Figure14.12.9Determine the Missing Parts of the Triangle
SolutionWe'll begin by using the Pythagorean theorem to determine the value of \(b\text{.}\)
\begin{align*}
b^2+5^2\amp=13^2\\
b^2+25\amp=169\\
b^2\amp=144\\
b\amp=12
\end{align*}
Relative to \(\alpha\) the side labeled \(5\) is the opposite side. Let's observe the following.
\begin{equation*}
\sin(\alpha)=\frac{5}{13}\,\,\Longrightarrow\,\,\alpha=\sin^{-1}\left(\frac{5}{13}\right)
\end{equation*}
Relative to \(\beta\) the side labeled \(b\) (which we now know to be \(12\)) is the opposite side. From this we get the following.
\begin{equation*}
\sin(\beta)=\frac{12}{13}\,\,\Longrightarrow\,\,\beta=\sin^{-1}\left(\frac{12}{13}\right)
\end{equation*}
Employment of the inverse sine key of my calculator gives me my estimates for the two angular values.
\begin{equation*}
\alpha \approx 22.6^{\circ}\,\,\text{and}\,\,\beta \approx 67.4^{\circ}
\end{equation*}
\(45^{\circ}-45^{\circ}-90^{\circ}\) Triangles and \(30^{\circ}-60^{\circ}-90^{\circ}\) Triangles
A right triangle whose acute angles each have a measurement of \(45^{\circ}\) is shown in FigureĀ 14.12.10. The sides of the triangle opposite the equal angles have to have equal measurement, and it's standard to use \(1\) as the equal measurement.
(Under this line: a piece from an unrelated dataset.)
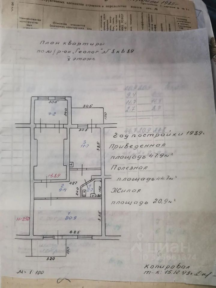 Жилая комната: 20,9 м² Коридор: 9,4 м² Кухня: 11,7 м² Ванная: 2,7 м² Балкон на кухне: 4,6 м² Балкон в комнате: 4,6 м² Сушилка на лестничной площадке: 3,6 м²

We can then use the Pythagorean theorem to determine the length of the hypotenuse.
\begin{align*}
\text{HYP}^2\amp=1^2+1^2\\
\text{HYP}^2\amp=2\\
\text{HYP}\amp=\sqrt{2}
\end{align*}
Figure14.12.10\(45^{\circ}-45^{\circ}-90^{\circ}\) Triangle
Both the opposite side and adjacent side of both of the \(45^{\circ}\) angles is marked as \(1\text{,}\) so we can use that along with the hypotenuse to derive the values of the sine, cosine, and tangent of \(45^{\circ}\) which we do below.
\begin{align*}
\sin\left(45^{\circ}\right)\amp=\frac{\text{OPP}}{\text{HYP}}\\
\amp=\frac{1}{\sqrt{2}}\\
\amp=\frac{1}{\sqrt{2}} \cdot \frac{\sqrt{2}}{\sqrt{2}}\\
\amp=\frac{\sqrt{2}}{2}
\end{align*}
\begin{align*}
\cos\left(45^{\circ}\right)\amp=\frac{\text{ADJ}}{\text{HYP}}\\
\amp=\frac{1}{\sqrt{2}}\\
\amp=\frac{1}{\sqrt{2}} \cdot \frac{\sqrt{2}}{\sqrt{2}}\\
\amp=\frac{\sqrt{2}}{2}
\end{align*}
\begin{align*}
\tan\left(45^{\circ}\right)\amp=\frac{\text{OPP}}{\text{ADJ}}\\
\amp=\frac{1}{1}\\
\amp=1
\end{align*}
The outer triangle shown in FigureĀ 14.12.11 is an equatorial triangle, a triangle whose three sides have equal measurement. Because the sides all have equal measurement, the angles also all have equal measurement. Since the sum of the angles' measurements needs to be \(180^{\circ}\text{,}\) each angle must measure \(60^{\circ}\text{.}\)
Figure14.12.11\(30^{\circ}-60^{\circ}-90^{\circ}\) Triangle
Two right triangles have been created by dropping a line segment from the topmost vertex perpendicularly to the bottom side of the triangle. It is visually apparent that the two triangles are mirror images, and it is easy to prove that the two triangles are in fact congruent.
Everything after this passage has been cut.